# Source data
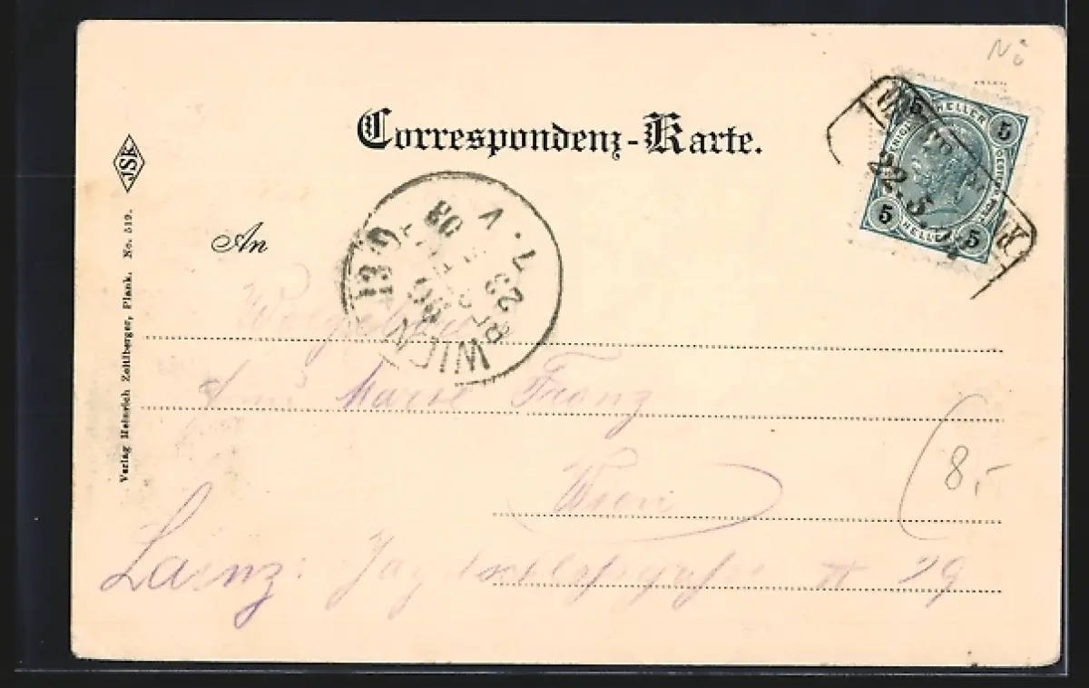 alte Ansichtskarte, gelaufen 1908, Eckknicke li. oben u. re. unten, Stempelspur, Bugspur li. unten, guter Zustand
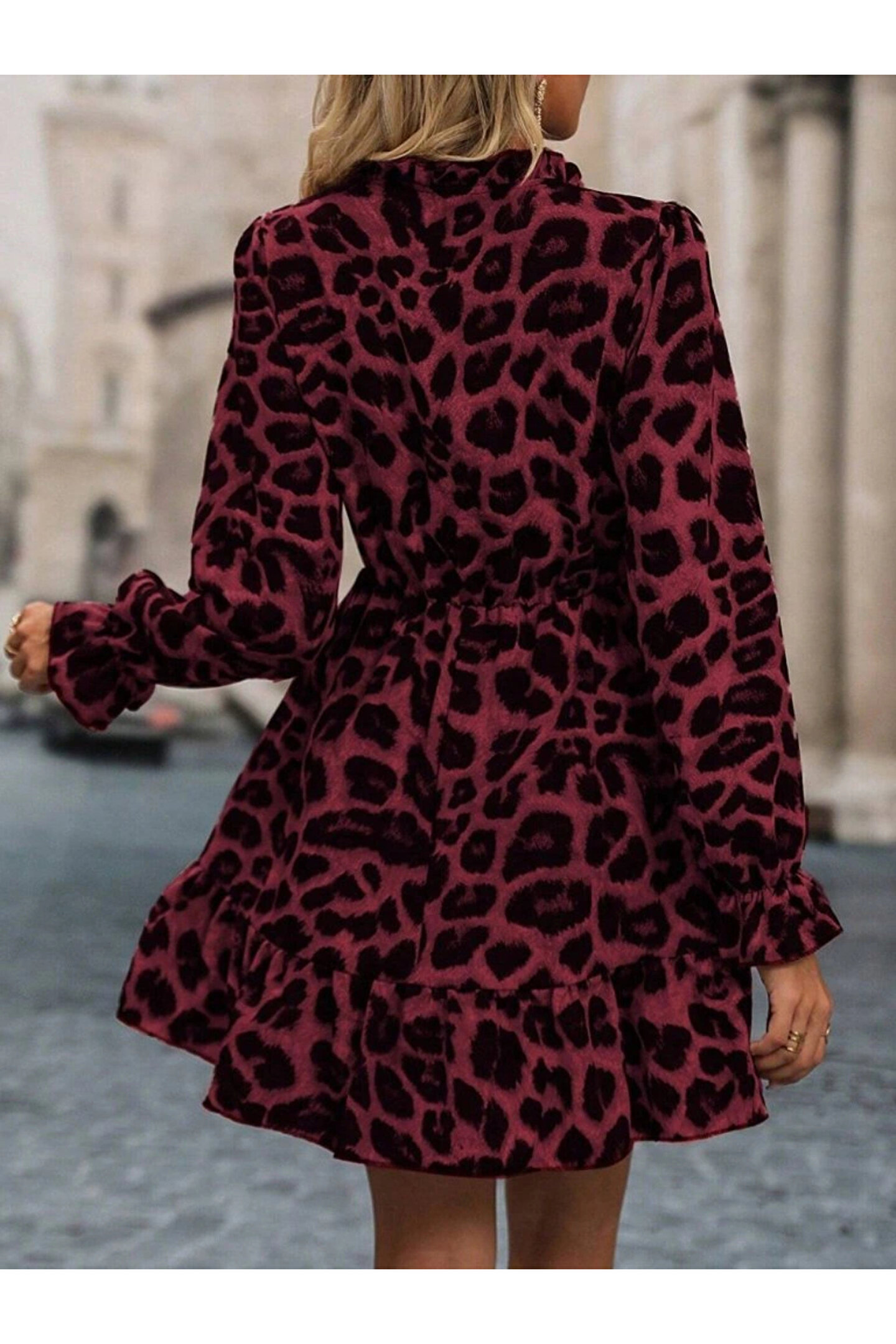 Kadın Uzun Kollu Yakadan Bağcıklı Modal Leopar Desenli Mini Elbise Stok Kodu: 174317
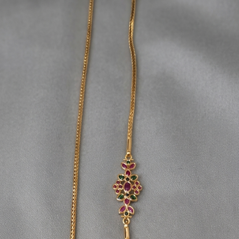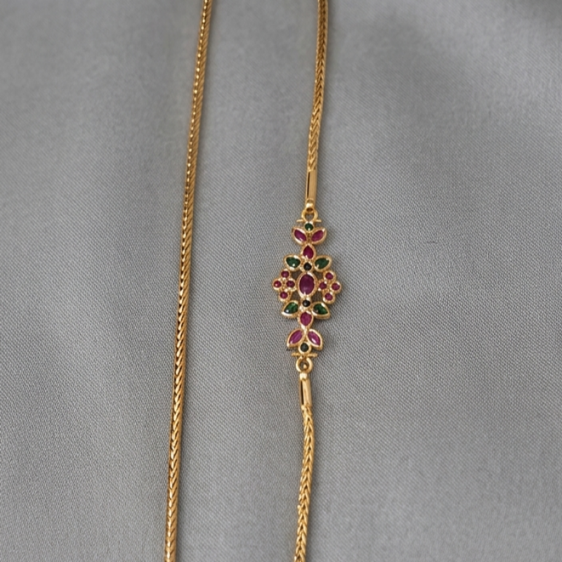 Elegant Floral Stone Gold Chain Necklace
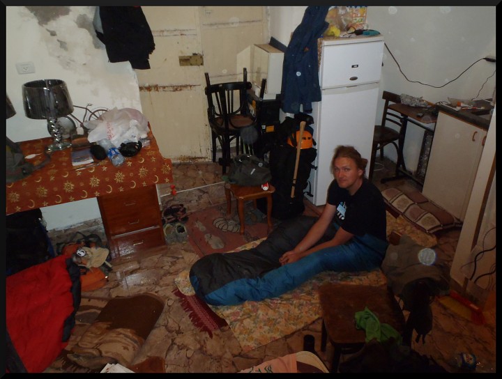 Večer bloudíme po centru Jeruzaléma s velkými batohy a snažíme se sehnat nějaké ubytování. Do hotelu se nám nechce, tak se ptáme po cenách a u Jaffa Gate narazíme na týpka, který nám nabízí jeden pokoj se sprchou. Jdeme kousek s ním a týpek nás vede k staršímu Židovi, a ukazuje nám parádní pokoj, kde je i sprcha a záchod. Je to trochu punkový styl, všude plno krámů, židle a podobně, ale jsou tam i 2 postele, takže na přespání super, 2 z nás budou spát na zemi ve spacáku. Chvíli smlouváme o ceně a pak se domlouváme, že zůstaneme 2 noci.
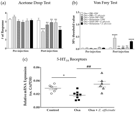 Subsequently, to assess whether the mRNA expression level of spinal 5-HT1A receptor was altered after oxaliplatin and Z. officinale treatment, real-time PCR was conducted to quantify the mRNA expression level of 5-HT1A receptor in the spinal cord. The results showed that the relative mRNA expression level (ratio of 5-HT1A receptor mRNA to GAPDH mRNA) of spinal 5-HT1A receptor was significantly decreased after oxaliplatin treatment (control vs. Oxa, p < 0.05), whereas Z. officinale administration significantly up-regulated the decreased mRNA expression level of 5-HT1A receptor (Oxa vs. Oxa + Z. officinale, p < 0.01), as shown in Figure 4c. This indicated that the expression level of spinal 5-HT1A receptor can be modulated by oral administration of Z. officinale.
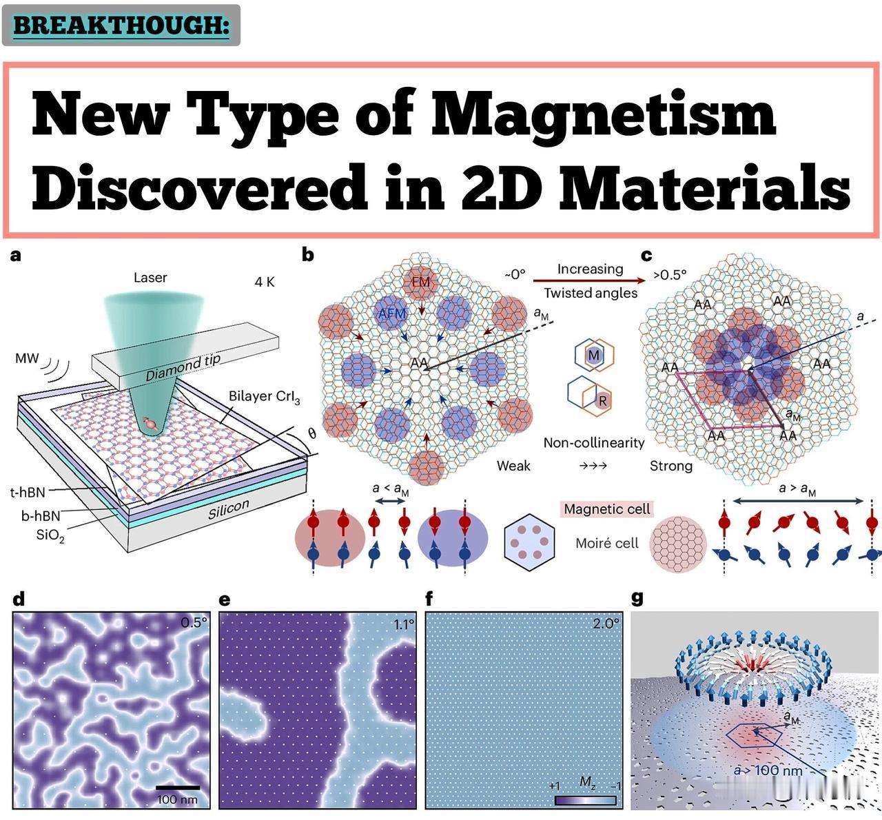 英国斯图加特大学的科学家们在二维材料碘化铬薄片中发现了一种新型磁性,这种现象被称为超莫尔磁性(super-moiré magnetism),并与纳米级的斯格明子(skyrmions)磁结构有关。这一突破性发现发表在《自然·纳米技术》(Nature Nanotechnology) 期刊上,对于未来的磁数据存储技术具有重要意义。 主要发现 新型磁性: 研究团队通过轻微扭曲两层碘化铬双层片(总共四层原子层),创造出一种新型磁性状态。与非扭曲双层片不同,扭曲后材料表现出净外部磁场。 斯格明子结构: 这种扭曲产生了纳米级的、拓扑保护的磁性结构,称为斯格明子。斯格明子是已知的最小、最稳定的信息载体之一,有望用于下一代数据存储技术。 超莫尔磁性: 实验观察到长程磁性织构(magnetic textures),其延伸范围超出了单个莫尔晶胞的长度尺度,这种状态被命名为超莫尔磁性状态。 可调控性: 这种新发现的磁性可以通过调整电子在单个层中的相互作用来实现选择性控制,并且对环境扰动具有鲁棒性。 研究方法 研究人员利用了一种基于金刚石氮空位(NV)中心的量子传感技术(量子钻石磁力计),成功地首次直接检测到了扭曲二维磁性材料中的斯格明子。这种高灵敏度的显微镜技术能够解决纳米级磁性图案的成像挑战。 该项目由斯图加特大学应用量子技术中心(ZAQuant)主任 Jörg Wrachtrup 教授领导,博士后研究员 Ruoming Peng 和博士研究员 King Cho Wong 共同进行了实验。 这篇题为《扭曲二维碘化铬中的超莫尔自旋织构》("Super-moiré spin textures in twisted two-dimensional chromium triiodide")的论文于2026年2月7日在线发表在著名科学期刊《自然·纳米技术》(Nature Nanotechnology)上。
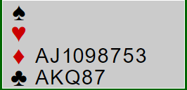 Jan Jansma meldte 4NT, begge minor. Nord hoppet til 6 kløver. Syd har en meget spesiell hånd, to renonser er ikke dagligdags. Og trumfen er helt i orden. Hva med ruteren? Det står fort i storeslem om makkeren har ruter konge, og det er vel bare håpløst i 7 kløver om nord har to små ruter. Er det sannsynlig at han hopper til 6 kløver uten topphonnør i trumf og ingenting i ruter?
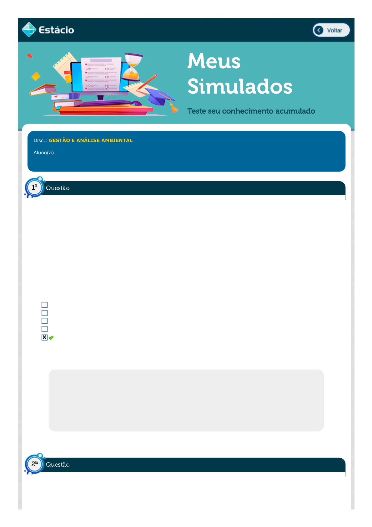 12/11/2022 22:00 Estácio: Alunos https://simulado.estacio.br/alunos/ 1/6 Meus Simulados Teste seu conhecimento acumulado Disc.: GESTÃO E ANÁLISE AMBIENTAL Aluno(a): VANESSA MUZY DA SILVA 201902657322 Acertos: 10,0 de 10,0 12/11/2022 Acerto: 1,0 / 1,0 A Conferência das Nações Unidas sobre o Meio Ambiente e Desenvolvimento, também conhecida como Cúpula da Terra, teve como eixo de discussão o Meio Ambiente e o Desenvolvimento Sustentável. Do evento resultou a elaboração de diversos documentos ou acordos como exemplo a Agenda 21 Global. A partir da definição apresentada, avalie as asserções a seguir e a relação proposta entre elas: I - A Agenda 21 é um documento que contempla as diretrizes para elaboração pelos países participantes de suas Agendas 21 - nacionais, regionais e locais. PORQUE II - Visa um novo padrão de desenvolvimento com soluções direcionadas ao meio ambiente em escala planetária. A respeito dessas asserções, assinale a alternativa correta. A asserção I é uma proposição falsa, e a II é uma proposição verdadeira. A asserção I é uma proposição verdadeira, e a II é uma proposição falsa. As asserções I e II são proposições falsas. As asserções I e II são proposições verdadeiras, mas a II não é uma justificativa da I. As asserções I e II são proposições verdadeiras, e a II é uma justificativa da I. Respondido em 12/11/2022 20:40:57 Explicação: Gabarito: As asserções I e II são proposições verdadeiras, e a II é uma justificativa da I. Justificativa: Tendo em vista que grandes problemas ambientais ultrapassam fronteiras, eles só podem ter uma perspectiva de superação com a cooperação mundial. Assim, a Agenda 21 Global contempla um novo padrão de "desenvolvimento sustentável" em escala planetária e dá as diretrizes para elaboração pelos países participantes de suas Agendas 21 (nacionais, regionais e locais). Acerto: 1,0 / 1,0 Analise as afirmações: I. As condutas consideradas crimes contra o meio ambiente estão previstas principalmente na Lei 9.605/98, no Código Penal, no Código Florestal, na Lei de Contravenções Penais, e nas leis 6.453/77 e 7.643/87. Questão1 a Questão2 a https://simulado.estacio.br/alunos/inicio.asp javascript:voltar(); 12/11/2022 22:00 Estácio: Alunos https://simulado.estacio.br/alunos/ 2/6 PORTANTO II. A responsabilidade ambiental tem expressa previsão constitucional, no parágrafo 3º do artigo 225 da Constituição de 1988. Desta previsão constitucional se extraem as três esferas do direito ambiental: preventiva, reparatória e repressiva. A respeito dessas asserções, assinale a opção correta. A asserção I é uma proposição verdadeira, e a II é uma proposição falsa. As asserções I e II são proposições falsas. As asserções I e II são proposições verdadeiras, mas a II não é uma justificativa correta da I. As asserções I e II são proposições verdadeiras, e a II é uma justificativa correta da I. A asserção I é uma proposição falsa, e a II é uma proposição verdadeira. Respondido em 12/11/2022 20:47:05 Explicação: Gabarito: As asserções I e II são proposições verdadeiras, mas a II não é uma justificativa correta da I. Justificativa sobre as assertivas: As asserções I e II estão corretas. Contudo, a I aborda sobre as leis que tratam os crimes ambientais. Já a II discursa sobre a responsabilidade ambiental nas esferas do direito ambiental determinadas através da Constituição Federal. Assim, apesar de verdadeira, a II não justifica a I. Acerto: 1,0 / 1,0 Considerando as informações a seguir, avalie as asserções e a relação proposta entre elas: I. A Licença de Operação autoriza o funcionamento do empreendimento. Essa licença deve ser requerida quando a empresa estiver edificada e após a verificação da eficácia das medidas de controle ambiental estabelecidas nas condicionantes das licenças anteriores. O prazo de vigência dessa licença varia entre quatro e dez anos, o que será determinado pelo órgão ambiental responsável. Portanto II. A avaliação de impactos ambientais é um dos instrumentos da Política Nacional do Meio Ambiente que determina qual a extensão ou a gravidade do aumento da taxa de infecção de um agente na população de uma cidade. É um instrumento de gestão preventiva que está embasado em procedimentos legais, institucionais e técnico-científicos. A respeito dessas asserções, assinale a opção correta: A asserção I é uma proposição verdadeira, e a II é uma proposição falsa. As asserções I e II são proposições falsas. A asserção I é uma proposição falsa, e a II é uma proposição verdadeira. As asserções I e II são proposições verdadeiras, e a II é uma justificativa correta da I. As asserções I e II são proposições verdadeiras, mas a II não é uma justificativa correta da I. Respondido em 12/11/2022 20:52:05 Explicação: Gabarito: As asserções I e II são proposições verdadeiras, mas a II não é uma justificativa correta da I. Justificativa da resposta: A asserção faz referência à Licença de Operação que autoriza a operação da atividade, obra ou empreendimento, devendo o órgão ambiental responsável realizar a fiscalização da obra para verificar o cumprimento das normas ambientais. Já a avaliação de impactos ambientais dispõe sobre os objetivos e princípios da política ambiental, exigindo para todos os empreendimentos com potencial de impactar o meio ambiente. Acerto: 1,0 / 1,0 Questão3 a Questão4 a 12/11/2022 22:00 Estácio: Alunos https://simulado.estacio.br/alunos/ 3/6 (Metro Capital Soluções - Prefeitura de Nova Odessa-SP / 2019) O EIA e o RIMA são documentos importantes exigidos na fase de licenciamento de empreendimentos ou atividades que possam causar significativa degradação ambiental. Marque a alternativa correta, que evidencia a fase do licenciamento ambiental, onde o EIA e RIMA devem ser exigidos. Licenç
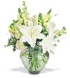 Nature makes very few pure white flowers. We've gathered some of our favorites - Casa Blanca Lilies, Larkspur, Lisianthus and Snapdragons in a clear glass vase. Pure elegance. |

# What this task involves
In the listing above, find the line with "Kadın Uzun Kollu" and output every line through the one with "Večer bloudíme po", exactly, without the pictures.

# Output for this task
 Kadın Uzun Kollu Yakadan Bağcıklı Modal Leopar Desenli Mini Elbise Stok Kodu: 174317
 Elegant Floral Stone Gold Chain Necklace
 Večer bloudíme po centru Jeruzaléma s velkými batohy a snažíme se sehnat nějaké ubytování. Do hotelu se nám nechce, tak se ptáme po cenách a u Jaffa Gate narazíme na týpka, který nám nabízí jeden pokoj se sprchou. Jdeme kousek s ním a týpek nás vede k staršímu Židovi, a ukazuje nám parádní pokoj, kde je i sprcha a záchod. Je to trochu punkový styl, všude plno krámů, židle a podobně, ale jsou tam i 2 postele, takže na přespání super, 2 z nás budou spát na zemi ve spacáku. Chvíli smlouváme o ceně a pak se domlouváme, že zůstaneme 2 noci.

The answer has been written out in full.